[Mimedefang] Best method of dealing with automatic - propagationvirus mails

Edward Wildgoose Edward.Wildgoose at FRMHedge.com
Tue Oct 29 04:32:01 EST 2002


If you kill the connection with a 5xx response then the sender should NOT keep retrying!!  If they do - mail the admin and refuse to accept mail from this IP address!!

I don't see your point about mail loops, but it is good thinking though.  In any case if a mail loop develops it will be the upstream ISP that has the problem not us.  Consider an example:

V1 - virus infected sends message via ISP to "ME", I REJECT, ISP tries to Bounce to INNOCENT who has a virus scanner.  The Bounce is then bounced back to postmaster at ISP (I think?).  I think that postmaster at ISP will then eat the second bounce, but either way I don't think a mail loop will develop.
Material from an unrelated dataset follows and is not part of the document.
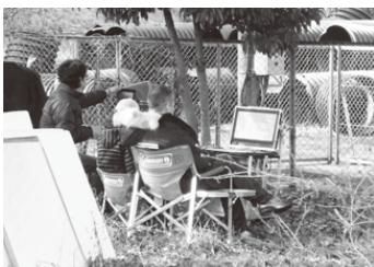
撮影現場をモニターでチェック

Point is that upstream ISP now has 3 times as much mail and it is in their interest to do something about it.  Plus they will get complaints from innocent customers who report that postmaster at ISP has just sent them a virus...

However, lets consider what happens if ISP pulls out their finger and spends, ooo, say 2 mins configuring a regexp type body block or something really simple like that.  Now virus infected user can't even send the mail in the first place.  Hopefully this breaks most of the current virus engines, and the new breed will have to get significantly more advanced and try to deliver direct to end user, or seek out open relays, etc.  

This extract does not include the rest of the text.